Eigentlich hätte dieses Interview bereits Mitte November erscheinen sollen, denn für damals war der österreichische Kinostart von „Was wir wollten“ geplant. Doch der Lockdown verunmöglichte selbst die Galapremiere in Wien. Ulrike Kofler trug es mit Fassung: Das Regiedebüt der Schnittmeisterin - sie saß etwa an allen Filmen von Marie Kreutzer am Schneidetisch - ist nämlich inzwischen weltweit auf Netflix zu sehen, und kann dort ab 22. Dezember auch in Österreich gestreamt werden. „Es ist schade um den Kinostart“, sagt Kofler, aber wenigstens könne der Film sein Publikum finden.

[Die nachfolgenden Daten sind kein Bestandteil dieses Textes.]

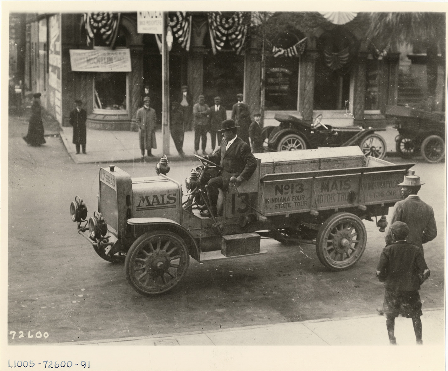 View of driver in Mais truck during Indiana Four States Tour. "Mais motor truck, no. 13, in Indiana Four State [sic] Tour, built in Indianapolis ... tons, cap" painted on side of truck. Spectators stand on sidewalks; building decorated with bunting in background. Handwritten on back: "Motor trucks--Mais."

Inhaltlich setzt sich „Was wir wollten“ mit dem Thema Kinderwunsch auseinander: Alice (Lavinia Wilson) und Niklas (gegen den Typ besetzt: Elyas M’Barek) sind ein glückiches Paar - aber leider kinderlos, trotz etlicher In-VitroVersuche. Die Ärztin rät dem Paar zu einer Auszeit, ein Urlaub auf Sardinien soll es auf andere Gedanken bringen. Aber wie, wenn in der Ferienwohnung nebenan ausgerechnet ein Ehepaar aus Tirol einzieht, das mit gleich zwei aufgeweckten Kindern gesegnet ist und dem Paar ständig die eigene Sehnsucht nach Nachwuchs in Erinnerung ruft. „Was wir wollten“ wurde von Österreich zur Vorauswahl für die Oscar-Kategorie „Bester fremdsprachiger Film“ eingereicht.
Ulrike Kofler
Pamela Russmann
celluloid: Frau Kofler, wie ist das Gefühl, aus dem Schneideraum heraus auf den Regiestuhl zu wechseln?
Ulrike Kofler: Es ist ein langer Prozess gewesen, denn ich bin sehr gerne Cutterin und werde das auch sicher bleiben. Aber mein Wunsch, eigene Geschichten zu erzählen, war immer schon da, ich habe schon etliche Drehbücher geschrieben, schon während meines Studiums in Köln.
Wieso das Thema Kinderwunsch?
Der Film basiert auf einer Kurzgeschichte von Peter Stamm, die mich sehr berührt hat: Es gibt da dieses Paar, das den Urlaub einfach nicht genießen kann. Die beiden sehen immer nur das Glück der anderen, nie ihr eigenes. Das Thema Kinderwunsch ist für jedes Paar sehr persönlich, auch für mich. Ich bekam mit 33 mein erstes Kind, wollte dann noch ein zweites, aber das hat nicht mehr geklappt und warf mich in eine regelrechte Lebenskrise. Ich fragte mich: Wenn ich schon so darunter litt, wie muss es dann erst Paaren gehen, die gar keine Kinder haben? Ungewollt kinderlos zu sein, das betrifft in Europa jedes fünfte Paar.
Ist unsere auf den Beruf fokussierte Gesellschaft daran schuld?
Es ist ein Tabuthema, und gerade bei Akademikern sind über 40 Prozent kinderlos, weil sich im Leben alles nach hinten verschiebt, Studium, Job und Karriere sind erst einmal wichtiger, und dann ist es oft schon zu spät.
Haben Sie recherchiert, welchen Einfluß die Psyche hat, wenn Paare kinderlos bleiben? Machen sie sich zu viel Druck?
Die Psyche spielt sicher eine Rolle und es ist Zeit, diesem Thema eine laute Stimme zu geben. Aber mich hat auch ein anderer Faktor interessiert: Wir leben in einer Zeit, wo alles möglich und käuflich ist. Dieser neoliberale Gedanke ist auch
Lavinia Wilson und ein völlig gegen den Typ besetzter Elyas M‘Barek in Österreichs Oscar-Einreichung „Was wir wollten“.
in der Reproduktionsmedizin verankert. Jeder hat das recht, dass es mit dem Nachwuchs klappt. Wenn es nicht klappt, empfindet man das als persönliches Versagen.
Wie haben Sie Ihre persönliche Krise gemeistert?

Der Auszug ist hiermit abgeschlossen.